WMSPanel (wmspanel.com) is a company that was started almost two years ago as a reporting project for Windows Media Services. From the very beginning it was designed as SaaS solution and unlike traditional server software analytic tools, it was made as a multi-tier system with an “agent” running on the media server-side and a controller/processing/presentation system built as a web application. No log parsing is required, you can just take any data a media server may spit out and push it to central server. This allows customers to avoid any processing overhead or having to allocate any special computation and storage resources. In addition, since only a delta of information is sent between two parts of the system, there’s no traffic overhead either.
The plugin ideology has served WMSPanel well before as the team had already open-sourced their WMSAuth Windows Media plugin (wmsauth.org) for links re-publishing protection. Having this SaaS-powered idea and the first working prototype WMSPanel launched a promo site to move it towards potential customers in early 2011. As basic reporting for WMS was available, the team started evaluation of Wowza Media Server knowing its great solution capability, mature partner ecosystem and huge market share. So by the end of 2011 they had Wowza reporting capable of showing basic statistics.
Having a proven approach of “agent-controller” chain, the team made another step forward and started implementation of server management capabilities. The agent takes commands from the central server and since the agent is a Wowza server add-on, it’s able to do a number of things which may otherwise only be done via an SSH or JMX connection. Every common operation, which usually requires manual log into the server, can easily be done online via the web control panel, with just a few clicks. The company says users of the system can see server VHost and applications structure, create new accounts, change or delete existing applications and their instances and has a full set of control operations, without needing any server access for manual app restart, since everything is done from the panel itself.
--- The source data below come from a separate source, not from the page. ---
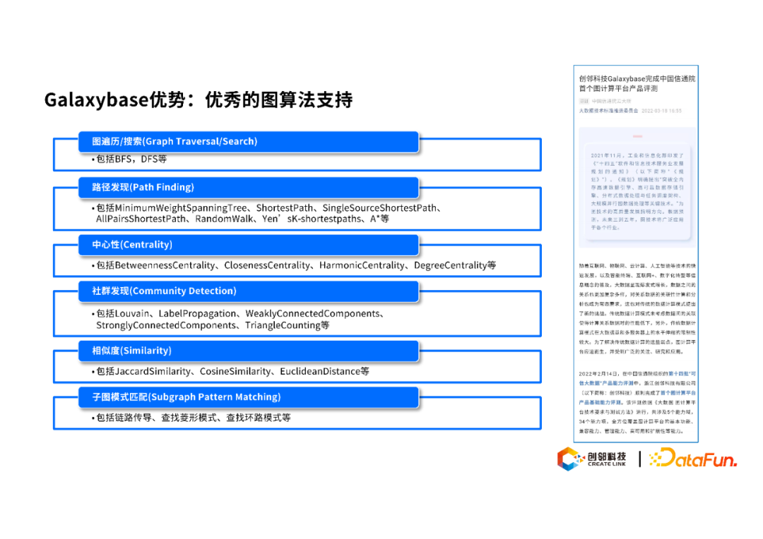 Galaxybase是首个信通院完成测评的图计算平台,涵盖多类图算法,如图遍历、路径发现、社群发现、相似度、中心性和子图模式匹配等。
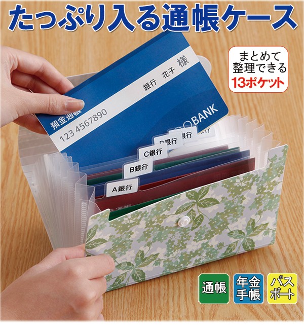 | 13ポケットで通帳やパスポートをまとめて管理。さわやかなボタニカルデザインの通帳ケース。家族のパスポートや年金手帳、お薬手帳、チケットなどを収納できます。インデックスシール付きで一目でわかる。ガバッと大きく開くジャバラポケットで取り出しやすい。旅行やイベント、お買い物にもおすすめです。 |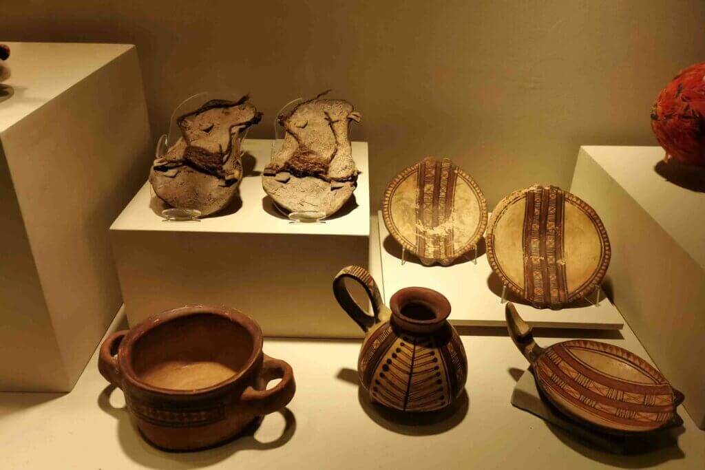 Found with the children buried in their graves were more than 100 artefacts, all in miniature. Each item was specifically made to represent an aspect of their lives on Earth. They would need these to survive in their next life and it was important to show the Gods these representations. All pieces of craftwork were very fine quality made by dedicated, qualified artists. The Incas had no written language, but every material, its design and colour had significance. These pieces were found with the girls. Shells had special significance representing fertility.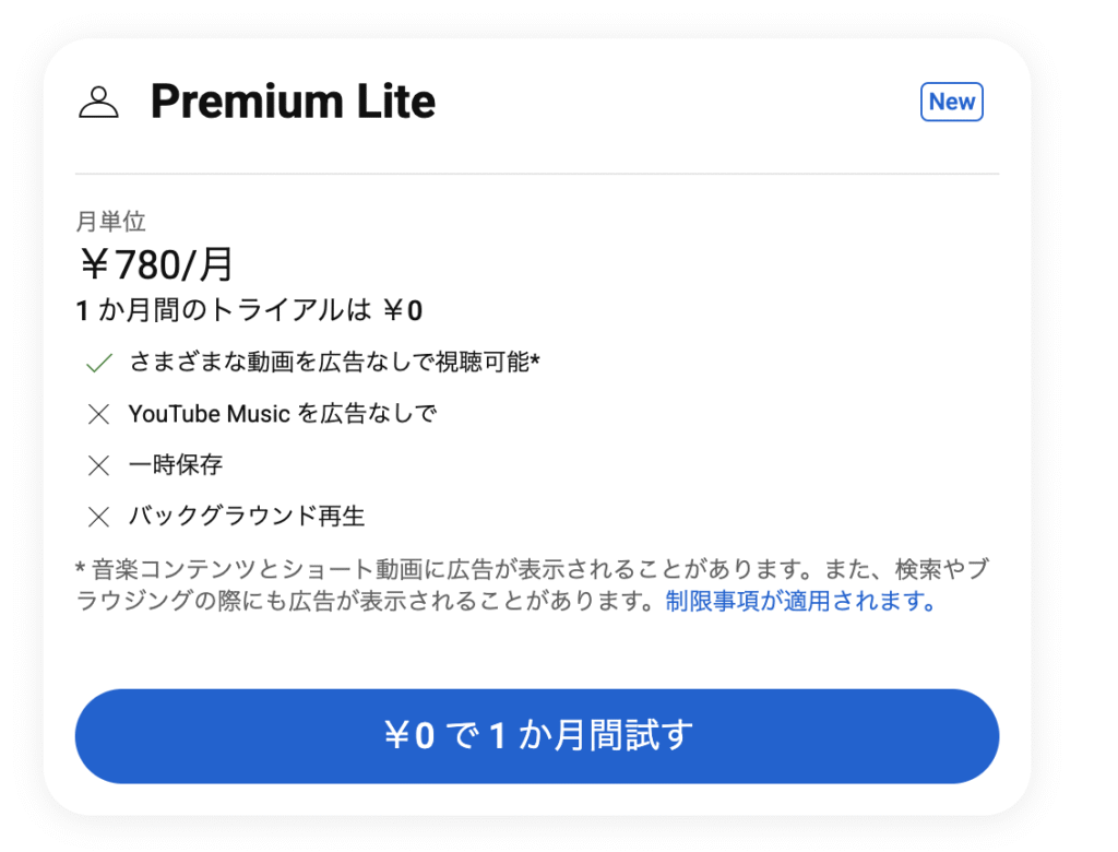 バックグラウンド再生と一時保存、YouTube Musicがない代わり、学生料金と同額でサブスクできるプランが追加されていました。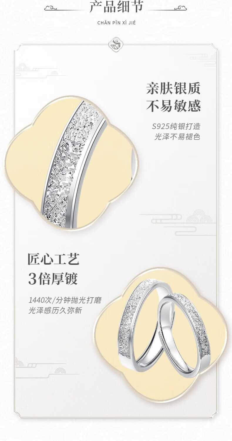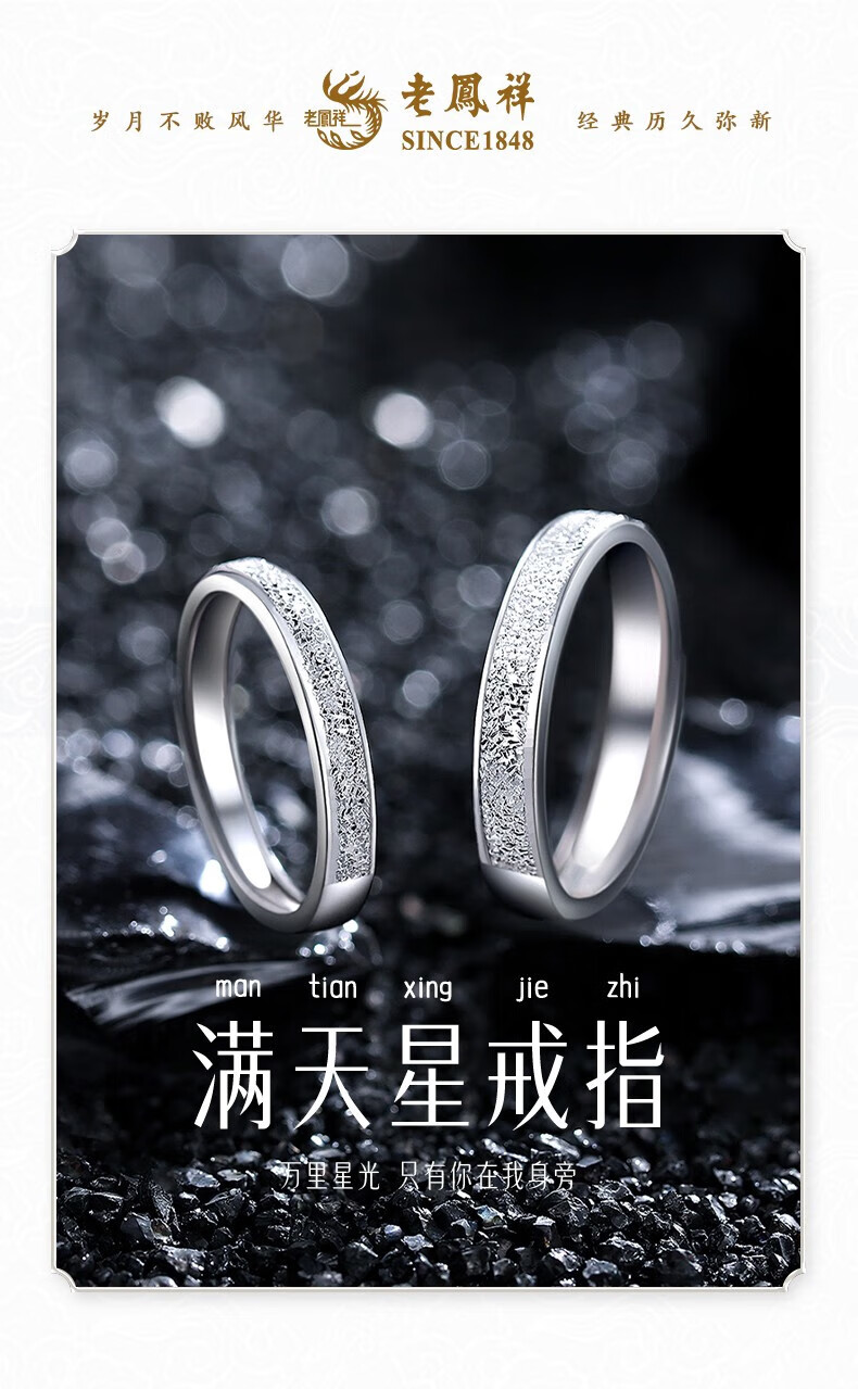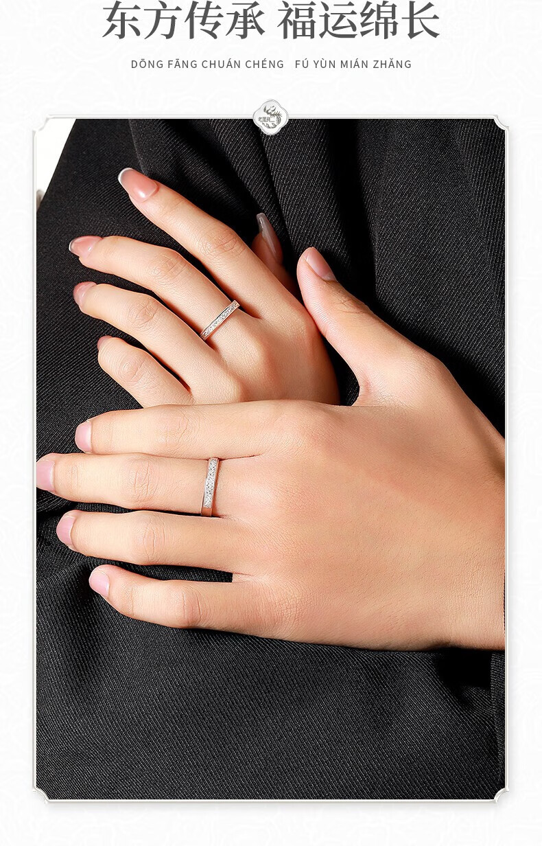 Lao Fengxiang's Gypsophila Couple Rings Sterling Silver Pair of Men's and Women's Rings Light Luxury Niche Chinese Valentine's Day Gift for Girlfriends Premium Gift Box Packaging Do not take a single photo without the product

Another advantage is that the WMSPanel is a central place for all operations, which mean you can apply most of the management features to multiple servers at one time. So if you create an application on an origin server or change its configuration, you can apply this operation to all of the edge servers as well. Once a stream is added in the config, all of the existing servers can know about it right away. The WMSPanel team then applied their existing WMSAuth feature set to Wowza and expanded it with simultaneous connections count limit, geo-location and IP-range limitations, and the same proven links re-publishing protection.
WMSPanel has reporting capabilities, real-time, high-detail and daily statistics, with a lot of flexibility in reporting options. Duration analysis might be especially interesting for those who like to know more about their visitors and statistics may be cut to “data slices” to see any aspect of applications usage. And for stream hosting resellers, the control panel may be provided as white label service since some customers prefer showing stats to their clients via custom domains and separate user accounts. Another advantage of the WMSPanel web interface is that it enables all the feature set to work on iOS and Android devices, without the need for Flash or Silverlight for the UI, instead using just HTML and AJAX, something that should be highly appreciated by Apple users.
It’s taken WMSPanel less than a year from making the initial version of their Wowza agent to becoming a Wowza product partner thanks in part to what WMSPanel says is a good approach by Wowza to work with anyone who brings a good user experience and valuable solution to the Wowza partner ecosystem.
At this moment WMSPanel processes data from hundreds of Wowza servers doing hundreds of thousands of streams. As a result that means big performance challenges for access control and reporting features but that’s where the cloud-based infrastructure allows the solution to easily scale. Compare that to traditional statistics and control solutions which a customer’s system administrator must install, maintain and tune to meet new portions of logs data. The WMSPanel team takes the responsibility of scaling the solution and guarantees robustness and availability – not bad considering that WMSPanel has a starting price of only twenty bucks.